Checklists

CI/CD for AI Apps implementation checklist

This checklist provides a technical framework for validating CI/CD pipelines used in AI application development. It focuses on the specific challenges of non-deterministic outputs, prompt versioning, and cost-effective evaluation cycles.

Progress0 / 25 complete (0%)

Prompt and Model Versioning

0/5
  • Decouple Prompts from Source Code

    critical

    Store prompt templates in dedicated JSON or YAML files separate from application logic to enable independent versioning and testing.

  • Implement Schema Validation

    critical

    Run JSON schema validation against prompt templates in the CI pipeline to ensure all required variables are present before deployment.

  • Map Prompts to Specific Model Versions

    critical

    Hardcode specific model versions (e.g., gpt-4-0613) in configuration files rather than using 'latest' aliases to prevent unexpected drift during deployments.

  • Automated Prompt Diffing

    recommended

    Configure the CI pipeline to generate and display a diff of prompt changes in pull request comments for manual reviewer audit.

  • Metadata Tagging

    recommended

    Inject the Git commit SHA and environment name into the metadata of all LLM API calls for downstream traceability.

Automated Evaluation and Testing

0/5
  • Unit Test LLM Wrappers

    critical

    Use mocks for LLM API calls in unit tests to verify that application logic handles various response formats and error codes without incurring costs.

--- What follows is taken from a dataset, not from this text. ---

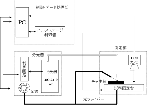- チャ生葉1枚を対象に可視・近赤外領域(400~2310nm)における吸光度を測定する分光分析装置を開発した(図1)。測定位置はCCDカメラにより取り込まれた画像上でマウスを用い任意に指定する。測定面積は直径2mmの大きさで、同時に6箇所の測定が可能である。測定の所要時間は約2分間と迅速である。反射あるいは透過のいずれかを任意に選択して吸光度の測定が可能である。
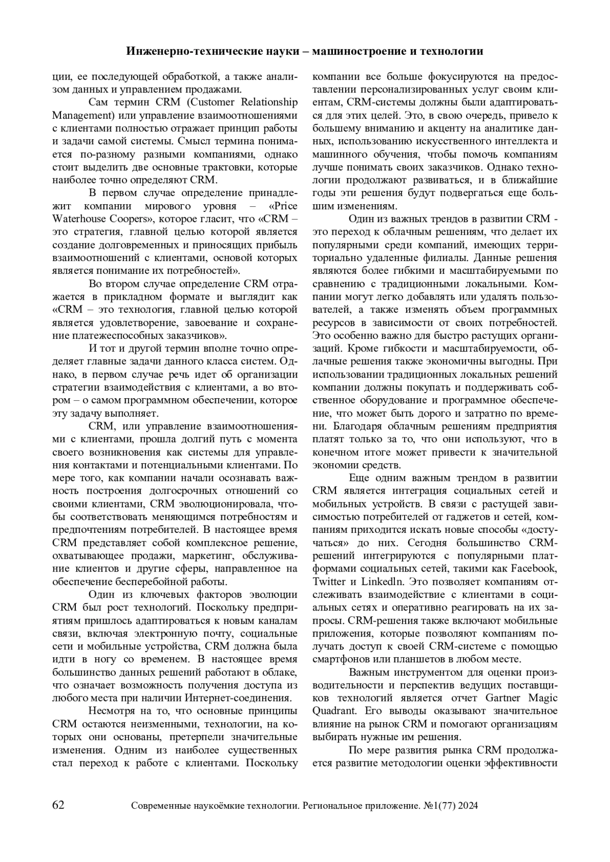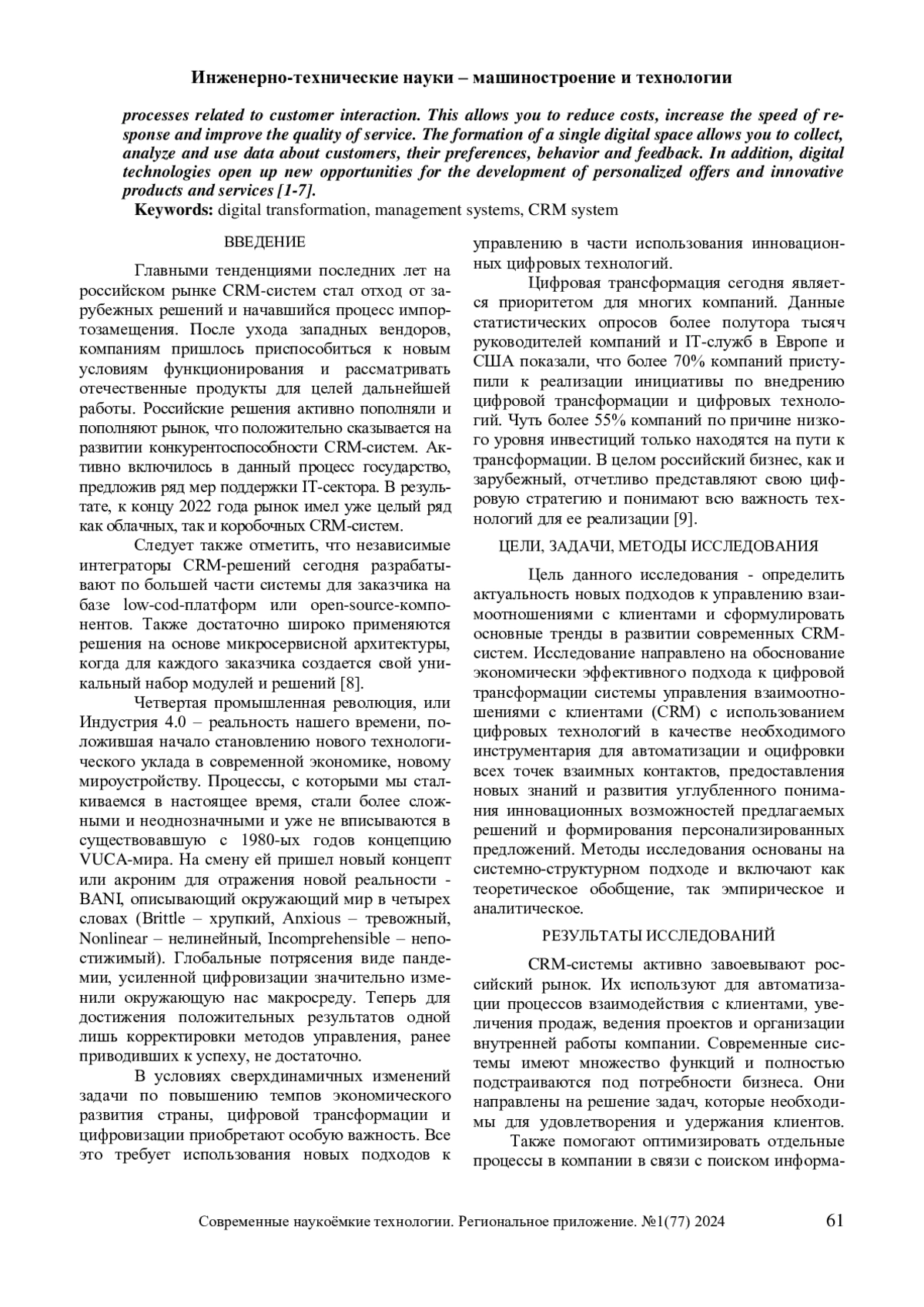 Актуальность данной статьи обусловлена тем, что в ситуации высокой неопределенности и быстрых перемен для многих компаний российского бизнеса стратегически важны процессы цифровой трансформации для усиления конкурентоспособности, и ключевым звеном здесь является установление взаимовыгодных и долгосрочных отношений с клиентами на качественно новом уровне. В условиях стремительного развития цифровых технологий и изменения поведения потребителей, предприятия сталкиваются с необходимостью переосмысления своих подходов к управлению отношениями с клиентами. Цифровая трансформация с использованием CRM-систем становится ключом к повышению эффективности, оптимизации процессов и улучшению качества обслуживания клиентов. Цифровые технологии предоставляют широкий спектр инструментов для автоматизации и цифровизации процессов, связанных с взаимодействием с клиентами. Это позволяет сократить затраты, повысить скорость реагирования и улучшить качество обслуживания. Формирование единого цифрового пространства позволяет собирать, анализировать и использовать данные о клиентах, их предпочтениях, поведении и обратной связи. Кроме того, цифровые технологии открывают новые возможности для развития персонализированных предложений, и инновационных продуктов и услуг [1-7].

  • Structured Output Verification

    critical

    For prompts intended to return JSON, execute a validation step in CI that parses the response and checks for required fields and data types.

  • Semantic Similarity Testing

    recommended

    Run an evaluation script comparing LLM outputs against a 'golden set' of expected answers using cosine similarity or LLM-as-a-judge metrics.

  • Regression Testing Suite

    recommended

    Maintain a dataset of 50-100 edge-case prompts that must be executed and validated whenever the model version or system prompt changes.

  • Prompt Injection Scanning

    recommended

    Integrate a security scanner in the pipeline to test if system prompts can be bypassed via malicious user input patterns.

Deployment and Infrastructure

0/5
  • Environment Secret Management

    critical

    Store LLM API keys in a secure vault (e.g., GitHub Secrets, HashiCorp Vault) and ensure they are never logged in CI build traces.

  • Health Check Endpoints

    critical

    Implement a dedicated /health/ai endpoint that verifies connectivity to upstream AI providers and model availability before routing traffic.

  • Blue-Green Deployment for Prompts

    recommended

    Configure the deployment pipeline to route a small percentage of traffic to new prompt versions before full cutover.

  • Rollback Automation

    critical

    Define automated rollback triggers based on a spike in 4xx/5xx errors or a drop in semantic similarity scores post-deployment.

  • Inference Latency Benchmarking

    optional

    Measure and log the p95 latency of model responses during integration tests to prevent performance regressions from reaching production.

Cost and Resource Optimization

0/5
  • CI Token Usage Caps

    critical

    Set hard limits on the number of tokens or API spend allowed per CI pipeline run to prevent runaway costs from recursive loops or large test suites.

  • Evaluation Parallelization

    recommended

    Distribute LLM evaluation tasks across multiple parallel CI jobs to reduce build times when running large-scale semantic tests.

  • Model Weight Caching

    recommended

    If self-hosting models, use persistent volume claims or CI caching layers for model weights to avoid multi-gigabyte downloads on every build.

  • Conditional Evaluation Execution

    recommended

    Configure CI to only run expensive LLM evaluation suites if changes are detected in prompt files or model configurations.

  • Small Model Testing

    optional

    Use smaller, cheaper models (e.g., GPT-3.5 or Haiku) for basic logic testing in CI, reserving larger models for final staging evaluations.

Observability Integration

0/5
  • OpenTelemetry Instrumentation

    recommended

    Ensure the CI/CD pipeline verifies that OpenTelemetry spans are correctly configured for all LLM calls to enable production tracing.

  • Log Masking Verification

    critical

    Run a test case in CI that attempts to log PII through the AI feature and verifies that the logging middleware correctly redacts the data.

  • Metric Dashboard Deployment

    recommended

    Automate the deployment of Grafana or Datadog dashboards alongside the application to track token usage and error rates per model.

  • Feedback Loop Capture

    optional

    Verify that the production environment is configured to capture and store user 'thumbs up/down' feedback linked to specific prompt versions.

  • Alerting Thresholds

    critical

    Verify that deployment scripts update alerting thresholds for inference failures and token exhaustion in the monitoring provider.